Sonntag, 12. Juni 2016

Der Geschmack meiner Kindheit































Es ist ein Ast der meine Aufmerksamkeit hat, voll behangen mit dicken und ganz bestimmt saftigen Trauben. Prall, fest und reif zum Pflücken.
Ein warmer Herbsttag, eine leichte Brise weht und ich sehe die Blätter des Astes erzittern.
Es ist so friedlich und die Luft ist erfüllt vom Duft nach frisch gekochtem Reis....Reis?!
Als meine Schwester mich grob mit ihrem Ellenbogen anstößt, damit ich die Schüsseln weiter verteile, reißt mein Blick vom Holzschrank mit Schnitzereien von Weinreben ab und ich erwache aus meiner Tagträumerei.

Übrig bleibt noch der Duft von frisch gekochtem Reis und der Wind wird ersetzt durch die von mir so geliebten Geräusche: 
Eine Melodie wie sie nur eine Küche hervorbringen kann...es brutzelt, zischt und blubbert. 
Das schnelle, rhythmisch-monotone Klacken vom Messer das auf Holz trifft. Geschirrklappern. Etwas landet in der Spüle. Der Hahn wird aufgedreht. 
Und immer wieder kleine kurze Schlurfschritt Geräusche auf knarrenden Holzdielen, die ich so nur von meiner Oma kenne. 
Meine kleine Oma und ihre Miniküche, in der kein Regal wirklich gerade, kein Schrank nicht hoffnungslos vollgestopft und in der überall Töpfe und Pfannen hängen. 
Behände wirbelt und wirkt Oma „Obasan“ dort seit Jahrzehnten und jedes Mal verlassen wahrhaft umamische Geschmacksbomben diesen ganz eigenen Mikrokosmos. 

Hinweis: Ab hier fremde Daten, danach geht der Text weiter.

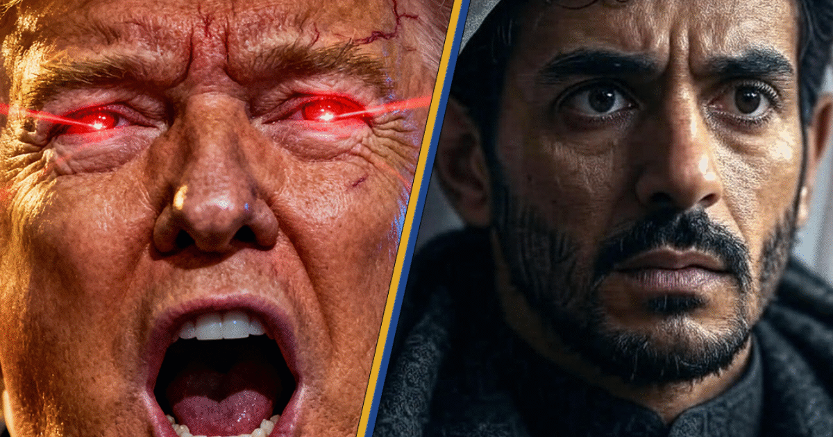 Dramatic split image featuring a furious man with glowing eyes on the left and a serious man with a beard on the right, conveying intense emotions.

Auf die freue ich mich gerade so sehr, dass ich nun auch schnell die letzten Schüsselchen verteile, um mich wieder artig auf meine noch kindlich knubbeligen Knie niederzulassen wie es bei uns Sitte ist.

Mein Opa stellt eine glänzend polierte Lackbox mit Stäbchen auf den Tisch.
Das Essen rückt in greifbare Nähe. 
Ich höre das Klappern von Holzsandalen näher kommen. 
Die Schiebetür am Eingang wird aufgeschoben und entlockt dem dortigen Windspiel ein paar helle Klänge.

"Tadaima" sagt mein Vater, während er sich seiner Schuhe entledigt und sich neben mir niederlässt. Meine Schwester rauscht mit einem Tablett voller Essen an mir vorbei und stellt es am Hausaltar ab, um unseren Ahnen zu huldigen. Mittlerweile kniet auch Oma und der Rest meiner Familie. 
Vor uns gefühlte hundert kleine Porzellanteller und Schüsseln voller Köstlichkeiten, so liebevoll angerichtet, dass einem das Herz aufgehen möchte. Irgendwie hält auch ein jeder, ob der Pracht die sich hier einem bietet, kurz inne. 

"Itadakimasu" höre ich mich schnell und wohl etwas zu laut sagen, was mir einen strafenden Blick meines Vaters einbringt. 
Ist Ungeduld etwa keine japanische Tugend?
Oma und Opa schmunzeln gütig und dann beginnt auch schon unser Festmahl. 

Das war vor 30 Jahren.
Immer wenn mir der Duft von frisch gekochtem Reis in die Nase steigt, habe ich wieder diese Bilder im Kopf. 


Eine Schüssel voller Reis bedeutet für mich Heimat.